> DIRECTIONS:
Please, without any pictures, set down exactly the part of the listing below that opens with the line containing "Elevate your wardrobe" and closes with the line containing "荊州市衛(wèi)生健康綜合".

> DATASET CONTENT:
—————

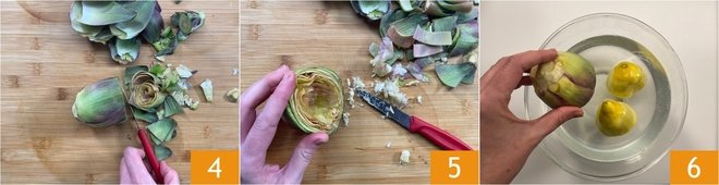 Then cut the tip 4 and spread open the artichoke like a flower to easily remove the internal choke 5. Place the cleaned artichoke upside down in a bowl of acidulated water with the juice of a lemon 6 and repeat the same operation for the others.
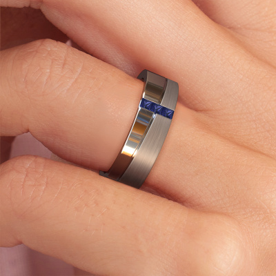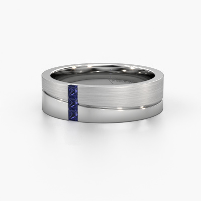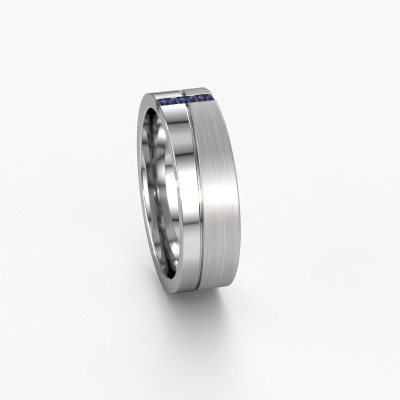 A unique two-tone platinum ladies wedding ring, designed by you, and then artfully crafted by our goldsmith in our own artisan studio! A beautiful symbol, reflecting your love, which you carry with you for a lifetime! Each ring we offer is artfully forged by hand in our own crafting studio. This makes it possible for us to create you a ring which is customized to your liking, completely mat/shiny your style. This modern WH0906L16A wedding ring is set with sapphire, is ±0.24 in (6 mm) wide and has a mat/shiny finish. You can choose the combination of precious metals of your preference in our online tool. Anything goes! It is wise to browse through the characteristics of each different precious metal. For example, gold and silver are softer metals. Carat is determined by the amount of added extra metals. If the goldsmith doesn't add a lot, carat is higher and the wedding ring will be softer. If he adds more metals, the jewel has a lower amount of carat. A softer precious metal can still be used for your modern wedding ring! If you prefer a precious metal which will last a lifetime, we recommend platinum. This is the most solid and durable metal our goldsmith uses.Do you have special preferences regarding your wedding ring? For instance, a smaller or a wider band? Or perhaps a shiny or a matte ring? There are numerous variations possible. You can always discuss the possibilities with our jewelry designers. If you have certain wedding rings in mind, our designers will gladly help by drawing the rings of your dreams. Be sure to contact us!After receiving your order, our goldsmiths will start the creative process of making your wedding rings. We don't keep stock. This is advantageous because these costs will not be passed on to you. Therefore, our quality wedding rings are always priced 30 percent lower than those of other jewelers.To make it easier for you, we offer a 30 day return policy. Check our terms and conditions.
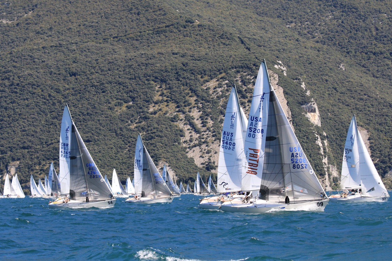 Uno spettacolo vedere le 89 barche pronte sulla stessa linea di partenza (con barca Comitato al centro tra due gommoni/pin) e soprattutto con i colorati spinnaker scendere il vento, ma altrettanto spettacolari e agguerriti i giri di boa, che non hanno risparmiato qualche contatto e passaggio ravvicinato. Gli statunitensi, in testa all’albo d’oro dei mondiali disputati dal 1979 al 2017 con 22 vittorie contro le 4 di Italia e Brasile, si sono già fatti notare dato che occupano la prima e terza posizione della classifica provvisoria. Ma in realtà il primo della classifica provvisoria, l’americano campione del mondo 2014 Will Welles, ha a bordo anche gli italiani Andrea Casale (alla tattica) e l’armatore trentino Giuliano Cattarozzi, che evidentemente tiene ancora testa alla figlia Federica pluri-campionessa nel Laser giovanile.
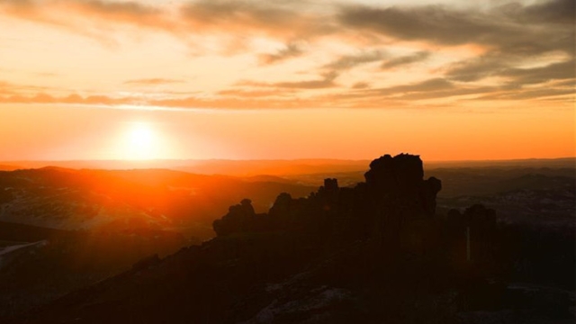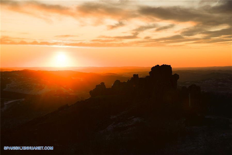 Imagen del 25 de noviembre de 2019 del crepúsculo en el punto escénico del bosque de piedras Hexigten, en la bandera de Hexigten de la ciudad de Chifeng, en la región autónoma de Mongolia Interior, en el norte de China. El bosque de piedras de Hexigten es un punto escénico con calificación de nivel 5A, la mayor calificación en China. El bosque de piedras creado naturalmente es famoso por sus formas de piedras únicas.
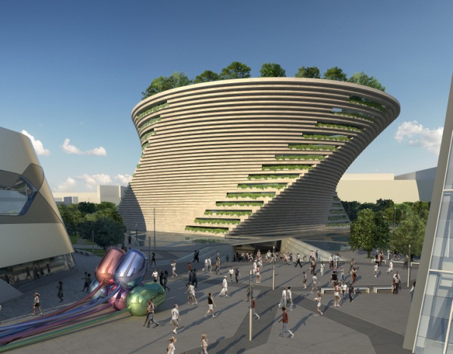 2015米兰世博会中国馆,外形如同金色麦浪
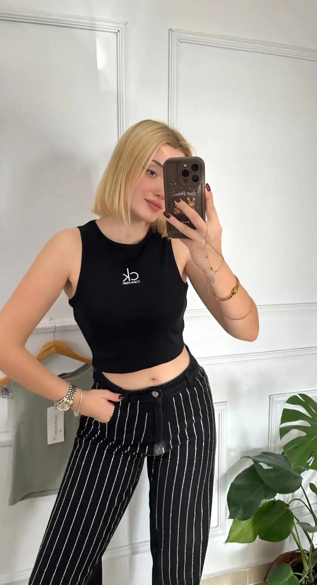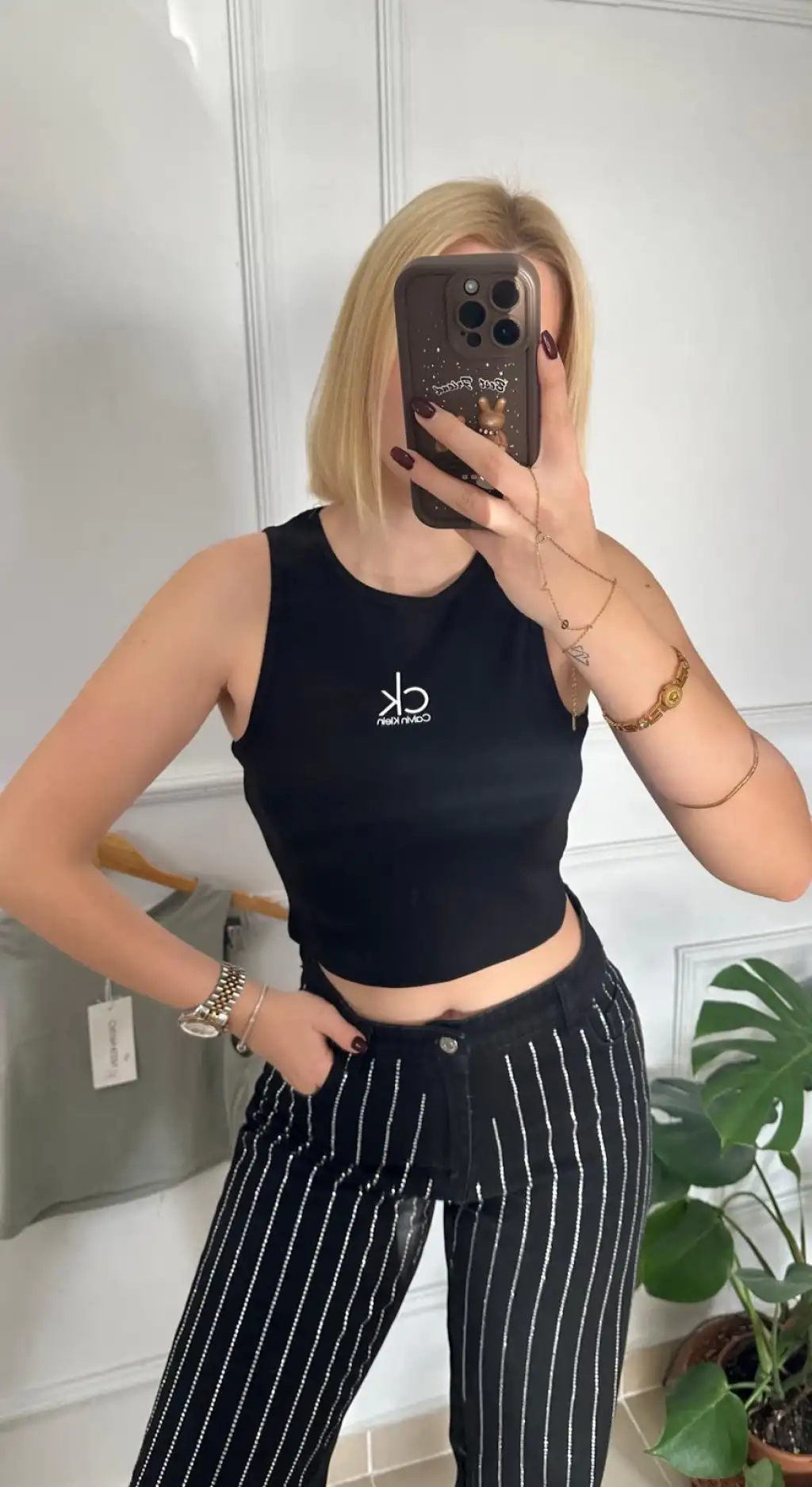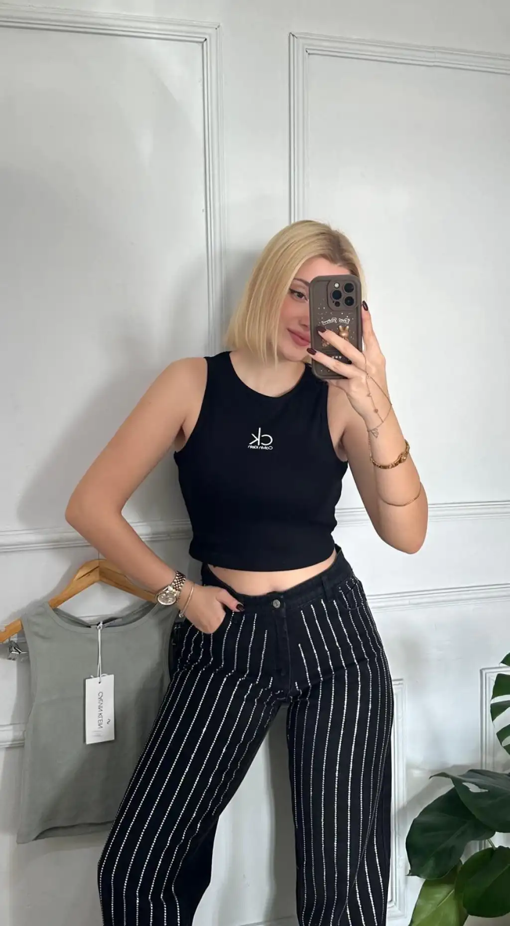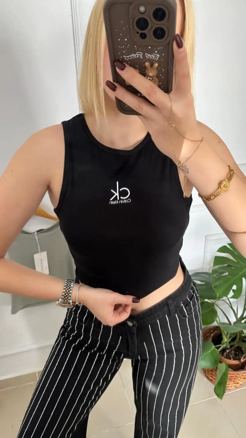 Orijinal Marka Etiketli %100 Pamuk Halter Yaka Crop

—————

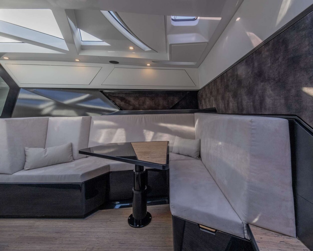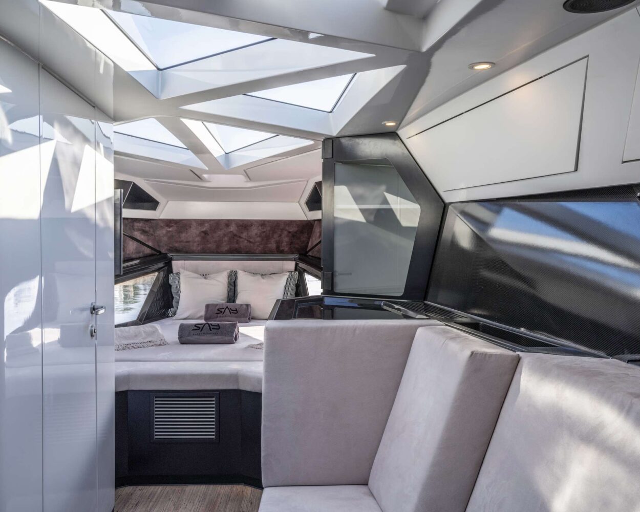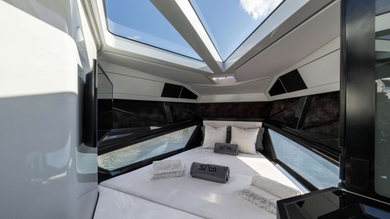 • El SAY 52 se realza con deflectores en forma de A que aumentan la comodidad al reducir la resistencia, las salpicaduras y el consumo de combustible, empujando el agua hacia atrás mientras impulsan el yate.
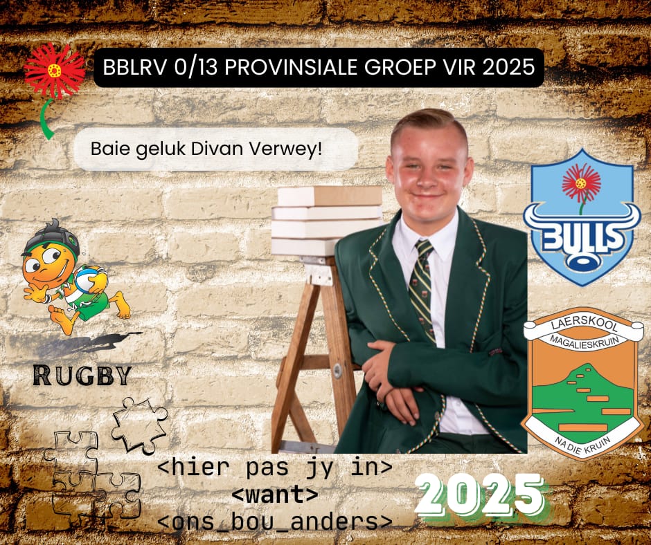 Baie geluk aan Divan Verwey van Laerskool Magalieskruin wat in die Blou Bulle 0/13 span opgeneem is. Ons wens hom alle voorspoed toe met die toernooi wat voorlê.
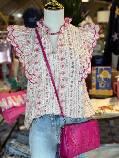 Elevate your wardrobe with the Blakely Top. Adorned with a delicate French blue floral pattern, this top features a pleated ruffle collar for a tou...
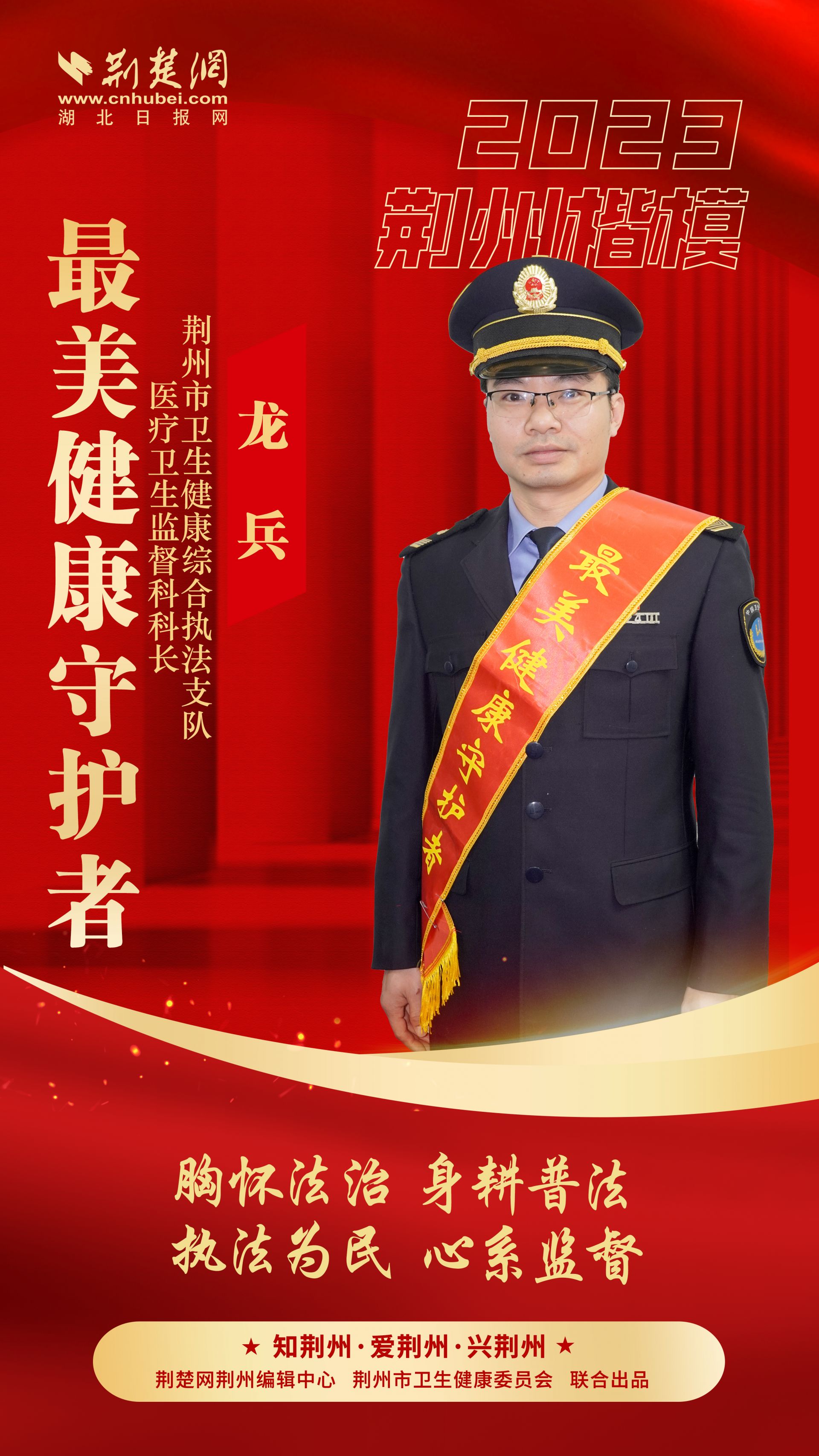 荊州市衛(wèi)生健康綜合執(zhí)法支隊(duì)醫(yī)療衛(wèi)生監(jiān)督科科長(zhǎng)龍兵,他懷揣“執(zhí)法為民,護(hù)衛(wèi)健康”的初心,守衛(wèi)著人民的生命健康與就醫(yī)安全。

—————

> RESULT OF THE TASK:
 Elevate your wardrobe with the Blakely Top. Adorned with a delicate French blue floral pattern, this top features a pleated ruffle collar for a tou...
 荊州市衛(wèi)生健康綜合執(zhí)法支隊(duì)醫(yī)療衛(wèi)生監(jiān)督科科長(zhǎng)龍兵,他懷揣“執(zhí)法為民,護(hù)衛(wèi)健康”的初心,守衛(wèi)著人民的生命健康與就醫(yī)安全。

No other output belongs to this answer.